Navigating the network graph
Achieving sub-tier visibility is only one step on the road to next-generation supply chain resilience and risk management. Where automotive companies might have looked at 10,000 direct material suppliers before, suddenly there are 100.000+ suppliers to manage. Companies often ask themselves how to understand and manage these newly revealed sub-tier supply chain relationships.
One emerging approach involves the use of in network graphing technologies, which can help procurement and risk management specialists to navigating through high volumes of complex supplier data. “Asking the right questions to a network graph is vital to achieve results.” says Jim Hayden, Chief Data Scientist at Everstream Analytics.
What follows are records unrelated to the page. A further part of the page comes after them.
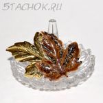 "Осенняя пора, очей очарование..." Выполнена брошь под блестящую золотую чеканку с использованием перламутровой эмали темного цвета. У листиков прорисованы жилки и фактура листочков.
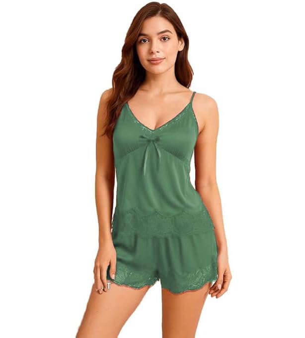 GAMAL SONS FOR ABAYA - طقم بيجامة نسائي قصير من الستان بتصميم أنيق مزين بالدانتيل GAMAL SONS FOR ABAYA GS-818-51100-Parent
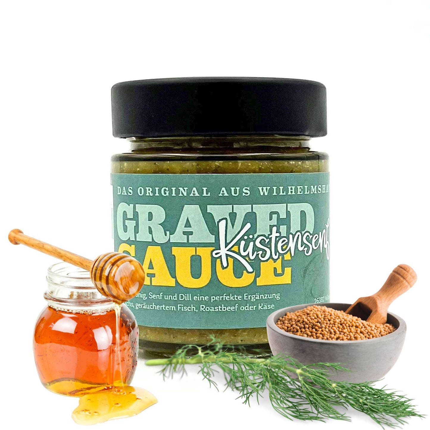 Entdecke unsere handgemachte Graved-Soße mit Honig vom Imker, Dillspitzen und ganzen Körnern – perfekt für Feinschmecker
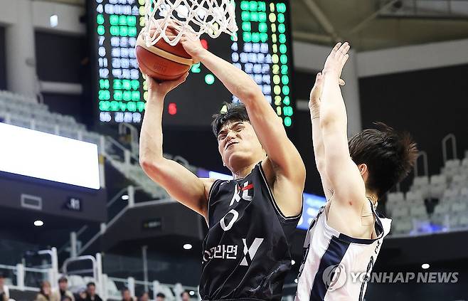 (수원=연합뉴스) 홍기원 기자 = 5일 경기도 서수원칠보체육관에서 열린 프로농구 수원 KT 소닉붐과 고양 소노 스카이거너스의 경기. KT 하윤기가 슛하고 있다. 2023.12.5
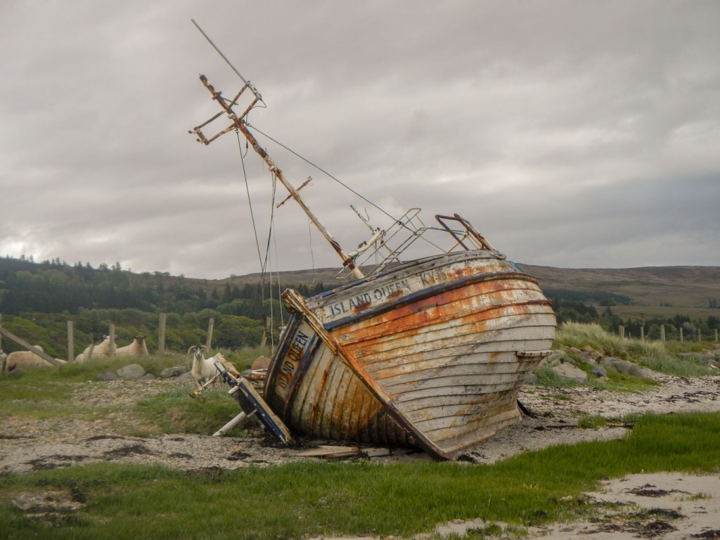 I was dropped off next morning at the same spot – the difference was that the weather was dry. The walk started by following the road on a pavement. Eventually I left the road, passing through the grounds of the Ronachan Estate. The path was very close to the road as it followed the rocky shoreline, sometimes descending to the beach. I didn’t see any otters but there were plenty of oystercatchers. The path deviated from the main road to go round the sandy Rhunahaorine Point. In order to go round a holiday park, the route continued on a sandy beach where I saw the shipwrecked remains of “Island Queen” and also spotted the ferry sailing across from Gigha.

Mark S. Granovetter argues in The Strength of Weak Ties that the overlap of friendship networks is directly tied to the relationship between each other. This thesis is fundamental for network graphing theory. In the context of sub-tier supply chains, a question to ask is: How often do same-tier suppliers interact with each other?
Whenever a major adverse event occurs, such as an earthquake, a hurricane, or a regional production shutdown, there is one question procurement executive get asked by the board: Do we have suppliers in the area? The network graph is poised to answer this exact question yielding the necessary results quickly.
Combining media monitoring and network graph technology, meanwhile, can enable the efficient monitoring of potential unfair working conditions, supplier-caused environmental damage, or other brand risks. Does my sub-tier supplier engage in unsustainable work practices? This today is still a very tricky question to answer for most automotive companies. Soon, the answer will be only a mouse click away.